Title quote is from a controversial article being passed around by the techbro/”hysteria” crowd. Don’t read it; its errors have been explained elsewhere. I just wanted to draw your attention to the paragraph meant to convince you to trust the author’s analysis:

The following article is a systematic overview of COVID-19 driven by data from medical professionals and academic articles that will help you understand what is going on (sources include CDC, WHO, NIH, NHS, University of Oxford, John Hopkins, Stanford, Harvard, NEJM, JAMA, and several others). I’m quite experienced at understanding virality, how things grow, and data. In my vocation, I’m most known for popularizing the “growth hacking movement” in Silicon Valley that specializes in driving rapid and viral adoption of technology products. Data is data. Our focus here isn’t treatments but numbers. You don’t need a special degree to understand what the data says and doesn’t say. Numbers are universal.
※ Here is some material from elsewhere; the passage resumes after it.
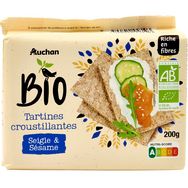 Produit de panification croustillante en tranches, au seigle et aux graines de sésame, issu de l'agriculture biologique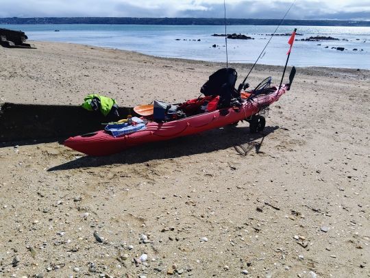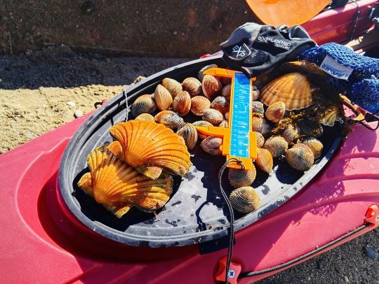 In der Zwischenzeit ist die Flut weiter gesunken, sodass ich das Kajak auf den Strand setzen kann. Vorrang haben die Prairie und die Muscheln. Da ich immer noch an meinen üblichen Stellen bin, fange ich mit den Praires an. Zur Erinnerung: Die Maschenweite für diese Muscheln beträgt 4,3 cm und die Quote liegt bei 100 Stück oder 3 kg. Ich entnehme relativ schnell etwa 50 schöne Größen und gehe dann zum Spaziergang in den Tümpeln für die Muscheln über. In diesem Jahr hatten wir nicht das Problem mit den ASP-Toxinen bei dieser Muschel. Bei uns beträgt die Maschenweite 11 cm und die Quote 30 Exemplare beim Fußangeln und 15 beim Schnorcheln. Da das Wetter schön und nicht zu windig ist, kann man sie bei einem Spaziergang durch die Tümpel mit ein wenig Übung relativ leicht sehen.

Also, once Medium took it down, the author responded with: > I guess citations from CDC, John Hopkins, WHO, is too much for the thought police.

They targeted numbers. Numbers.

You don’t need a special degree to understand what the data says and doesn’t say.

LinkedIn’s Top Things Not to Say in a Job Interview.

I hope you walk away with a more informed perspective on how you can help and fight back against the hysteria that is driving our country into a dark place.

Let’s see those optimistic concluding remarks!

I’m an individual American who sees his community and loved ones being decimated without given a choice, without empathy, and while the media cheers on with high ratings.

When this is all over, look for massive confirmation bias and pyrrhic celebration by elites.

Our communities will be left with nothing but a shadow of the longest bull market in the history of our country.

:D

tfw when you write an article against hysteria but conclude with it, huh?

Also, a bull market is when stonks go up. I think that's literally the opposite of what he thinks he's saying.
By his reference to Main Street in the paragraph before it, I'm assuming he means Wall Street will have a recovery that won't benefit average Americans much. In other words, another post-recession recovery like the one that had been trend since 2010 after the 2008 Subprime mortgage crisis.
> You don’t need a special degree to understand what the data says and doesn’t say. cries in math degree
*experiences Statistics class ptsd*
With respect to pyrrhic celebration...to be honest I’m more looking forward to finger-pointing than anything else

I went into data science in the tech world and, honestly, most data scientists here aren’t. The culture around it is totally indifferent to subject matter expertise or theoretical validity. Its just correlation = causation fallacies across the board.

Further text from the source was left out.